Os sobrenomes da corrupção
A imprensa brasileira tem uma ótima oportunidade para desmentir as acusações de que usa dois pesos e duas medidas para noticiar casos de corrupção.
Depois de investir durante meses no acompanhamento do caso dos cartões corporativos, os jornais têm agora a oportunidade de contar outra história de desvios na administração pública, mas do outro lado do ringue político.
Enquanto vai à mesa a pizza dos cartões, começa a ganhar espaço o caso da Alstom, empresa de origem francesa acusada de pagar propina para fazer negócios com governos de vários países.
A Folha de S.Paulo faz hoje um apanhado do escândalo, para ajudar o leitor a entender a história.
A primeira notícia sobre as práticas da Alstom, segundo o jornal paulista, foi publicada no início de maio pelo Wall Street Journal, de Nova York, revelando que os Ministérios Públicos da França e da Suíça tinham documentos provando que a multinacional teria pago propina para ganhar uma licitação de venda de trens para o metrô de São Paulo.
Quando a notícia foi reproduzida no Brasil pelo jornal Valor Econômico, a companhia do Metrô anunciou que estava analisando os contratos com a empresa francesa feitos entre 1995 e 2003.
Do início de maio para cá, o caso freqüentou irregularmente o noticiário, principalmente por iniciativa da Folha.
Ontem, o Estado de S.Paulo revelou que a Alstom havia pago viagem à Copa de 1998 para o conselheiro do Tribunal de Contas do Estado Robson Marinho, ex-deputado que foi chefe da Casa Civil no governo Covas, entre 1995 e 1997.
A Folha cita hoje o ‘furo’ do concorrente, ato de elegância incomum na imprensa brasileira.
E as últimas notícias dão conta de que a bancada governista na Assembléia Legislativa está bloqueando a convocação de suspeitos para depor na CPI que investiga o escândalo.
Nada que já não tenha sido visto em outros plenários.
Por enquanto, os jornais paulistas não podem ser acusados de favorecer este ou aquele no escândalo da Alstom.
Mas não custa observar. Afinal, a pauta da corrupção nunca entra em recesso.
Aliás, que fim levou o caso da CDHU, a companhia de Desenvolvimento Habitacional e Urbano do Estado de São Paulo?
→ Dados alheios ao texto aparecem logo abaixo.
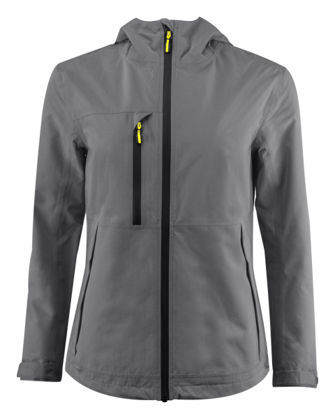 Functionele shelljas met getapete naden. Waterdichte ritssluiting vooraan en aan de borstzak. Omgedraaide nylon ritssluitingen aan de zijzakken. Aanpasbare velcrosluiting aan de manchetten. Mesh binnenvoering met borduurritssluiting. De capuchon en de zoom zijn aanpasbaar met elastische trekkoorden. De zippullers kunnen indien gewenst vervangen worden door één van de andere beschikbare kleuren.
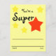This "Super Star" Recognition Award is ideal for K-5 grade school teachers. These can be used as mail-out postcards or in the classroom Recognition Awards! Buy in bulk and save!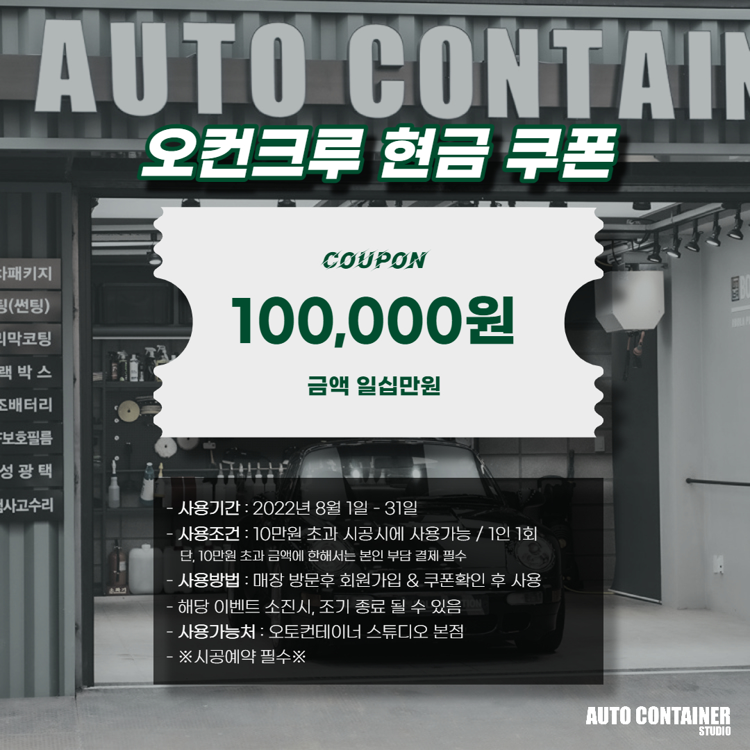 위 쿠폰은 오토컨테이너 스튜디오 본점에서만 사용이 가능하시고 무조건 10만원 초과 시공하시는 경우 10만원이 차감되는 시크릿 쿠폰입니다.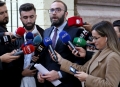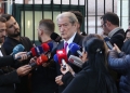 MP Gazment Bardhi speaking to journalists after he came out of the premises of the headquaters of the parliament, where a meeting of the DP parliamentary group was organized with the MPs who support Sali Berisha and Gazment Bardhi. After the meeting, the MPs confirmed that the agreement with Italy will be taken to the Constitutional Court, while they called for the opposition to unite.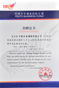 ·2010年,中國(guó)青年創(chuàng)業(yè)國(guó)際計(jì)劃捐贈(zèng)證書(shū)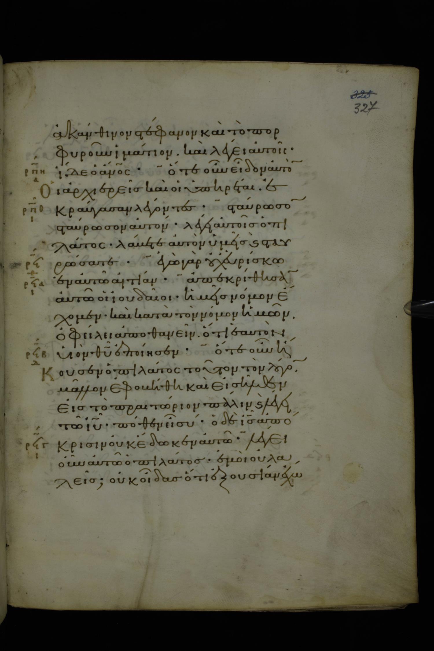 Eleventh century minuscule of Gospels on parchment; 370 leaves, 1 column, 20 lines per column. Images were taken at the National Library of Greece in Athens.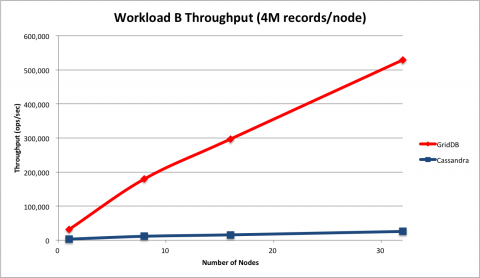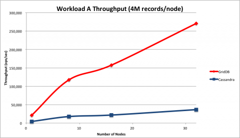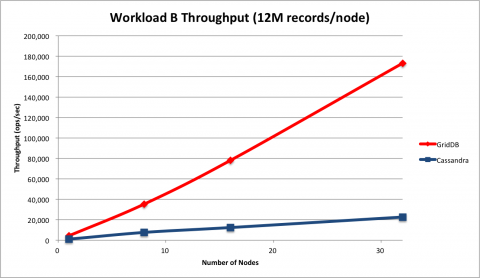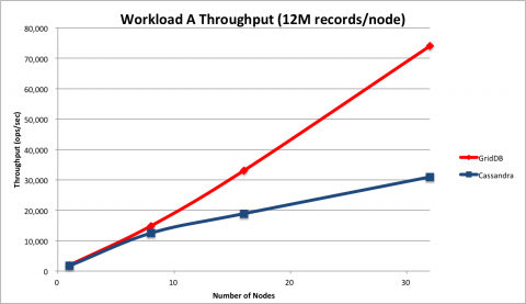 Fixstars は最近、Cassandra と GridDB の比較のため、Microsoft Azure 上で 1,8,16,32 ノードのクラスタと同じ数の YCSB クライアントを使い、インメモリーデータセット(ノードあたり 4M レコード)とメモリーに乗り切らないデータセット(ノード当たり 12M レコード)を使ったベンチマークを実行しました。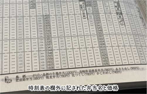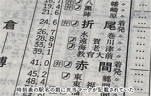 食べ物を購入する店がほとんどなかった時代。列車で移動する人々にとって、乗ったまま購入できる弁当の立ち売りは、なくてはならないもの。以前の時刻表には、弁当が販売される駅や弁当名と価格も記載されていました。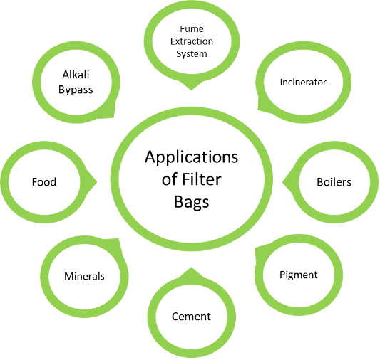 There is wide variety of filter fabrics used in pulsejet bag filter like Polyester, Polypropylene, Acrylic, PTFE, Aramid, Ryton, Glass-fibre, and Ceramics. There are various special type of coatings applied on these filter fabrics depending on application. If the temperatures up to 260°C, then the glass fibre bags are best suitable. Various application demands filter fabrics suitable for oily, moist, explosive, or fine particle air separation. Hence, selecting filter fabrics plays crucial role in performance of bag filter.
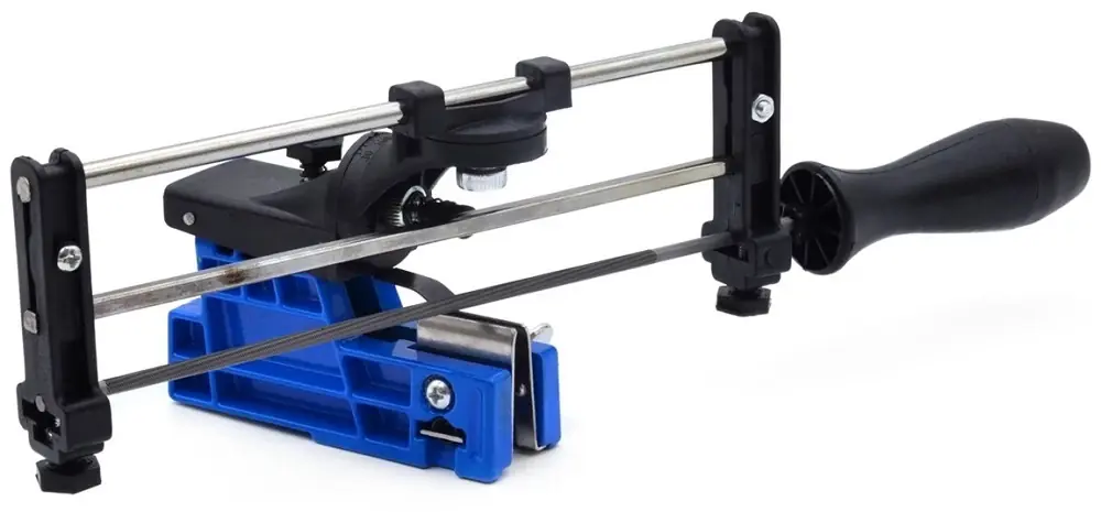 Geko kézi láncfűrész lánc élező Kézi láncélező benzines és elektromos láncfűrészek láncainak élezéséhez.A készülék lehetővé teszi a lánc precíz élezését a megfelelően kiválasztott élezési szögben. Az élező közvetlenül a vezetőre van felszerelve, nincs szükség a lánc eltávolítására. Tökéletes megoldás szakembere számára terepi munka során.Használat előtt válassza ki a megfelelő reszelőt a lánchoz, majd szerelje fel az élezőt közvetlenül a vezetőre és állítsa be a megfelelő élezési szöget.Jól látható skála az élezési szög beállításához.

Há um inquérito sobre crime de improbidade administrativa dormindo na gaveta do secretário de Finanças da Prefeitura de São Paulo.
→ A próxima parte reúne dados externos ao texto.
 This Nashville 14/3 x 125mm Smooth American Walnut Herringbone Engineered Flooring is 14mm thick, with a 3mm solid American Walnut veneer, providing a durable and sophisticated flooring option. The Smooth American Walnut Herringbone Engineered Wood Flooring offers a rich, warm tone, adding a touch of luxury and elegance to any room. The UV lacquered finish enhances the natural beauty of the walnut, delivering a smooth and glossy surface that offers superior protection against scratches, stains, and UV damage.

Algum repórter se habilita?
Jornalismo em tempos de guerra
O caso dos repórteres do jornal O Dia, que foram presos e torturados por milicianos e policiais que dominam favelas do Rio, coloca em questão um tema que anda distante dos debates sobre a prática do jornalismo: o direito de ir e vir dos profissionais de imprensa e os limites do envolvimento em situações de risco.
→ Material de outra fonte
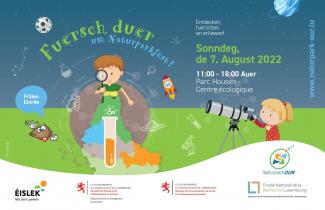 Découvrir, rechercher et expérimenter - telle est la devise de la 9ème édition du « Naturparkfest » le 7 août 2022 de 11:00 à 18:00 au Parc Hosingen. 25 ateliers ouverts pendant toute la durée de l’événement incitent surtout les enfants et les familles à se familiariser avec les caractéristiques d'un Parc naturel et de ses différents champs d'activité. Un point culminant seront les spectacles scientifiques de Joseph Rodesch et de Michael Bradke.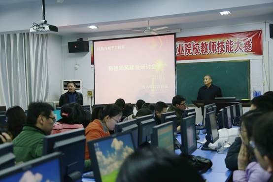 为进一步加强我系师德师风建设、德师风规范和师德建设长效机制,提升教师职业道德素质和职业责任感,根据《太阳成tyc7111cc2015年社会主义核心价值观主题教育月活动实施方案》(校党〔2015〕66号)的安排和教务处《关于组织开展师德师风建设报告会和座谈会的通知》的要求,我系于12月18日下午在教学楼B416举行了师德师风建设研讨会,全系教工参会。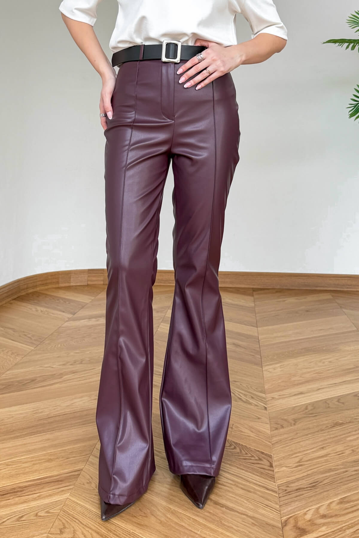 PNT-07424 Bordo İçi Polarlı Kendinden Kemerli Suni Deri İspanyol Paça Pantolon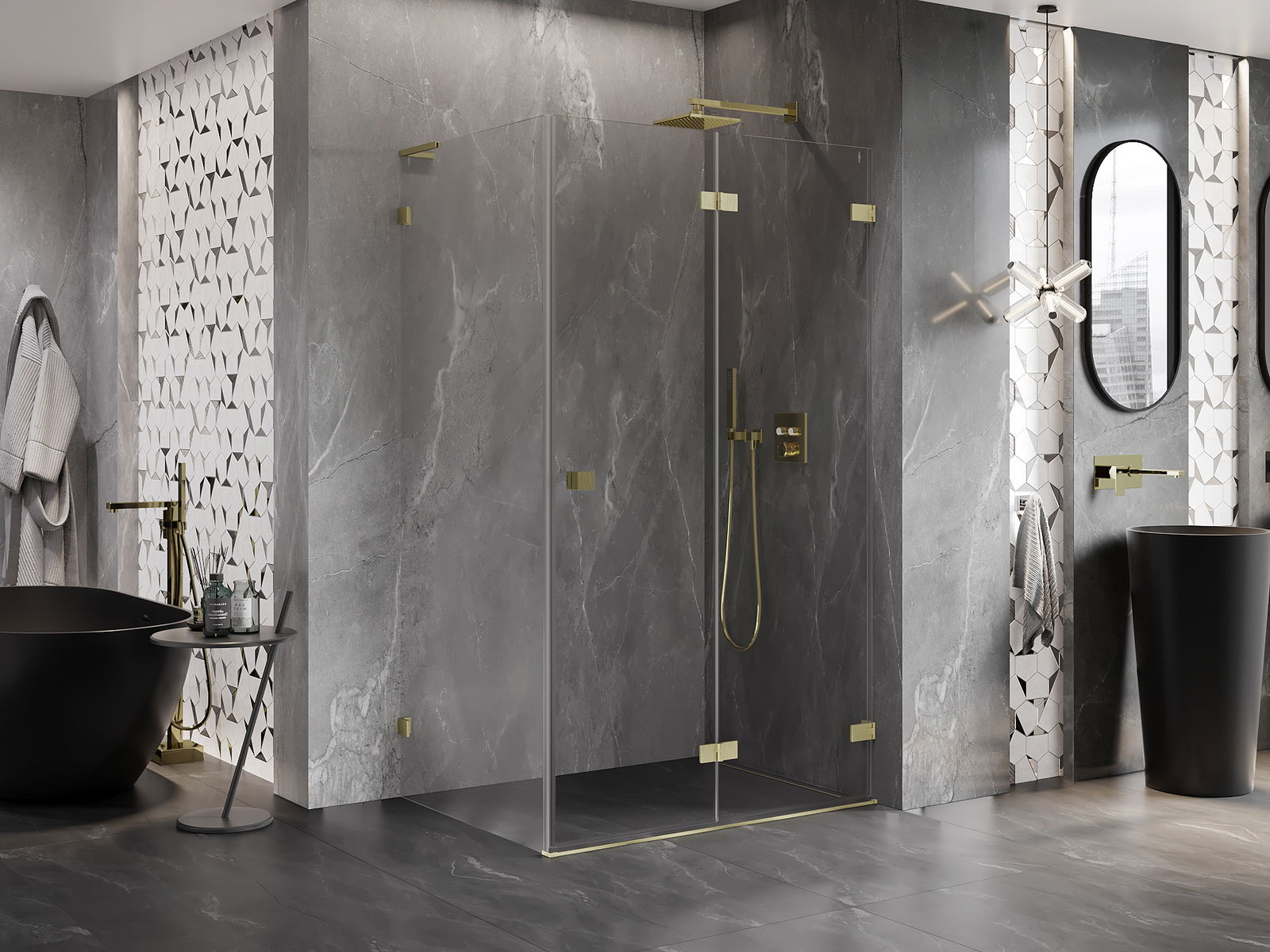 Spaustukai ir vyriai pagaminti iš labai patvaraus žalvario, papildomai sukuriantys lygią stiklo plokštumą. Tai puikus pasirinkimas, jungiantis eleganciją, patvarumą ir šiuolaikinį dizainą. Tokie sprendimai prideda dušo estetikai ir tuo pačiu palengvina švaros palaikymą.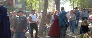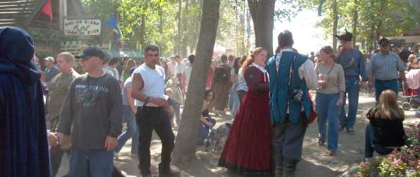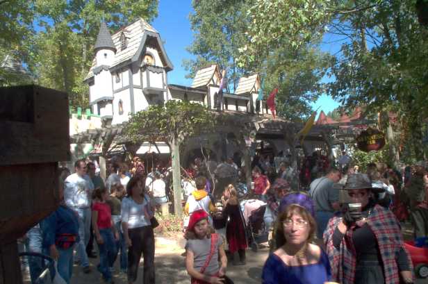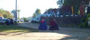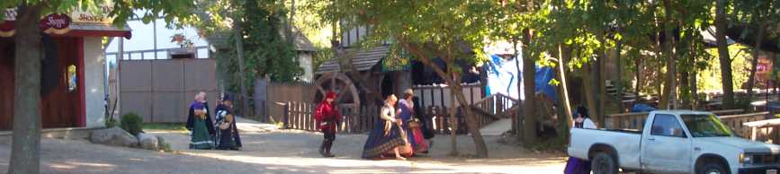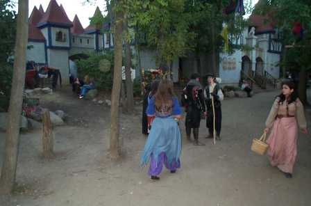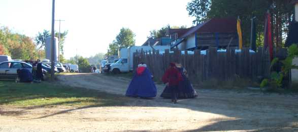 Backstage, Caroline (Queen Elizabeth) and one of her ladies in waiting (``ladies in waiting and training, oh my!'') walks along the perimeter of the festival area, toward the site of the morning meeting. [ 587x261 (15 kB) ] |

Luiz Egypto, editor do Observatório da Imprensa:
– O episódio de seqüestro e tortura a que foi submetida uma equipe do jornal O Dia, do Rio – ocorrido em 14 de maio e só revelado no último fim de semana – reacende a discussão sobre os limites da atuação dos jornalistas na produção de matérias de risco.
Repórter, fotógrafo e motorista do jornal estavam morando havia duas semanas em casa alugada na Favela do Batan, no bairro do Realengo, onde apuravam matéria sobre a convivência dos moradores com as milícias que infestam esta e outras favelas do Rio. Milícias, como se sabe, são os grupos armados que se contrapõem aos traficantes utilizando-se de métodos em tudo semelhantes àqueles dos que dizem combater.
É claro que a prática da reportagem será sempre bem-vinda, sobretudo nesses tempos de jornalismo declaratório e apuração por telefone. Evidente também que não se poderá retratar o estado de terror vivido numa favela contando com releases do narcotráfico ou com declarações de milicianos resguardados pelo off. Quanto mais reportagem, melhor. Mas o que é preciso conhecer são as garantias de segurança que um veículo é capaz de oferecer aos seus profissionais envolvidos em matérias de risco. E isso o material sobre o caso publicado por O Dia não deixou claro. Falhas houve – mesmo porque, segundo o jornal, os milicianos conheciam detalhes da vida pessoal dos reféns. Pautas como essa não podem admitir qualquer imprudência, muito menos negligência, nem do repórter nem das chefias. Boa vontade apenas não basta.